Political economy most commonly refers to interdisciplinary studies drawing upon economics, sociology and political science in explaining how political institutions, the political environment, and the economic system – capitalist, socialist, communist, or mixed – influence each other. The Journal of Economic Literature classification codes associate political economy with three sub-areas: (1) the role of government and/or class and power relationships in resource allocation for each type of economic system; (2) international political economy, which studies the economic impacts of international relations; and (3) economic models of political or exploitative class processes. Within political science, a general distinction is made between international political economy typically examined by scholars of international relations and comparative political economy, which scholars of comparative politics primarily study.

Social choice theory studies how utilities of individuals combine across society, also called the social welfare function, depending on political structure. Public choice theory is a microfoundations theory closely intertwined with political economy.

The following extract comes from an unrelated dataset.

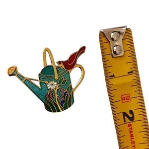 Cloisonne Watering Can Cardinal Brooch Pin Red Bird Gold Tone Enameled Gardening. Condition is pre-owned with no chips or cracks. Measures about 1.5" tall. No wear apparent to gold tone. Unbranded. Please see all photos for detailed condition.

Both approaches model voters, politicians, and bureaucrats as behaving in mainly self-interested ways. Economists and political scientists often associate political economy with approaches that use rational-choice assumptions, especially in game theory and in examining phenomena beyond economics' standard remit, such as government failure and complex decision making in which context the term "positive political economy" is common. Other "traditional" topics include analysis of such public policy issues as economic regulation, monopoly, rent-seeking, market protection, institutional corruption and distributional politics. Empirical analysis includes the influence of elections on the choice of economic policy, determinants and forecasting models of electoral outcomes, the political business cycles, central-bank independence and the politics of excessive deficits. An interesting example would be the publication in 1954 of the first manual of Political Economy in the Soviet Union, edited by Lev Gatovsky, which mixed the classic theoretical approach of the time with the soviet political discourse.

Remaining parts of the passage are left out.